Pact sits in a different quadrant. It is consumer-driven: a consumer writes the contract it expects, and Pact checks the provider honors it. That is useful at integration boundaries, but it tests expectations, not the service's own invariants, and the contract comes from a consumer rather than the authoritative spec.
The closest conceptual match is model-based testing. QuickCheck-style state-machine testing (used to great effect at Ericsson and Volvo) and Microsoft's Spec Explorer both drive sequences of operations against a model and check the result, which is precisely the stateful layer here. The difference is where the model comes from and what surrounds it. QuickCheck's model is hand-written in Erlang or Haskell; Spec Explorer's was a C# program tied to a Visual Studio tool that is no longer maintained; neither is REST-aware or does structural testing. This generator derives the state-machine model from the spec, wires it to an HTTP client, and runs the structural layer alongside it.
The coverage spectrum
The fuzzers cover the structural floor; the model-based tools cover behavior and state but skip the structural surface; this generator is the only one that reaches all three from one source.
What this cannot do
The honesty is in the limits.
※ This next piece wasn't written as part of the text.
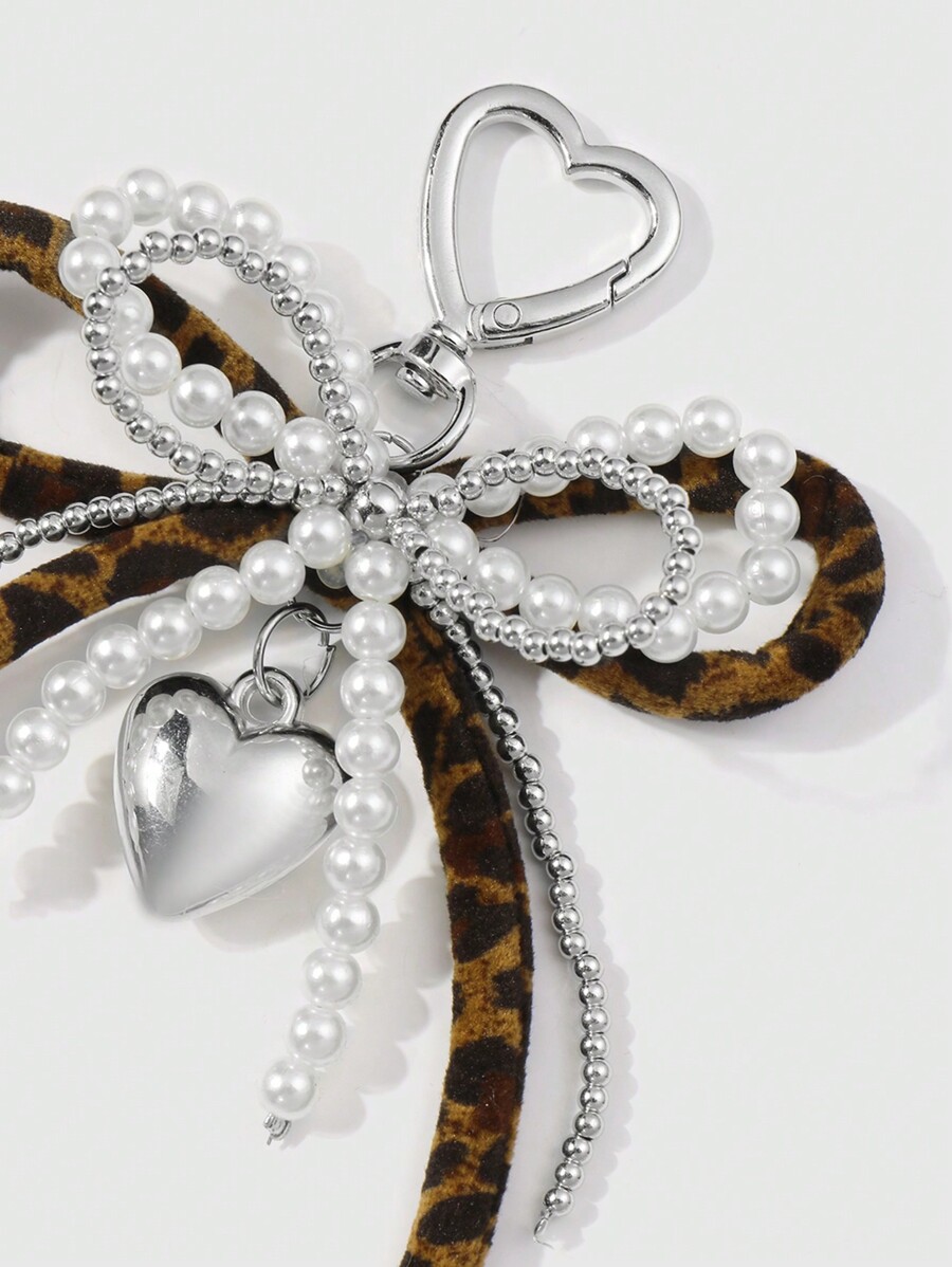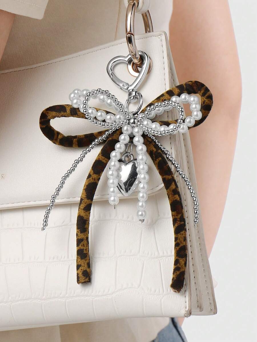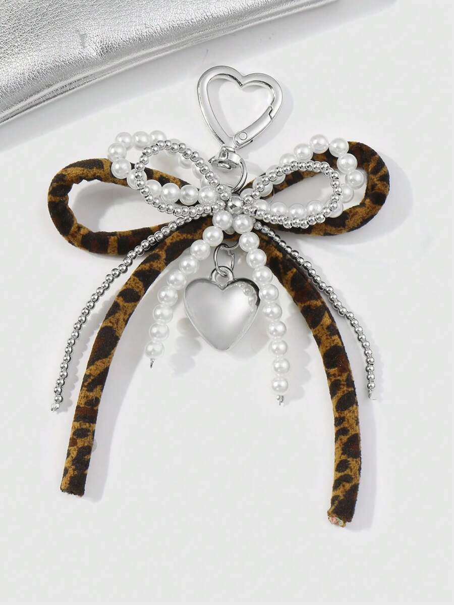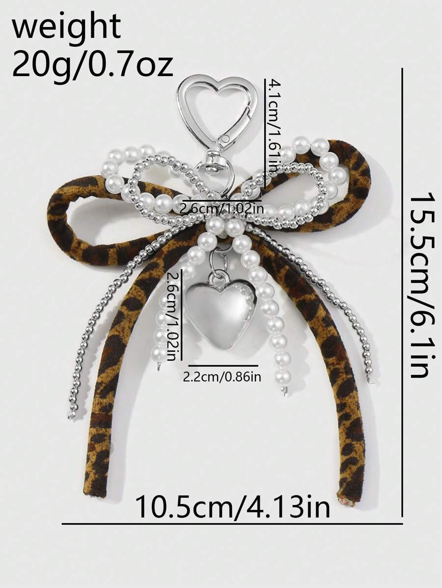 Kawaii 1 pièce Porte-clés mode fait main à plusieurs couches avec perle d'imitation, imprimé léopard, nœud papillon et pendentif en forme de cœur. Accessoire polyvalent et élégant, idéal pour les femmes, cadeau de la Saint-Valentin

Because every test derives from the spec, an unstated requirement has no
test, so domain edge cases the spec does not mention still want hand-written coverage. Performance and
latency go untested, the spec does not declare them, and a load tool like k6 or Locust is the right
instrument. Concurrency is the sharper gap: the stateful layer drives operations in sequence, so it
will not surface a race between two interleaved requests, and catching those would need a model
checker like TLA+, which is out of scope here rather than part of the generated suite. The spec
describes one service's API, so the UI and third-party integrations fall outside it, mock external
dependencies in fixtures. And the suite runs against a live service rather than in-process, which
makes it slower than unit tests; the conformance runner takes a smoke profile for fast local
feedback and a fuller profile for release gates.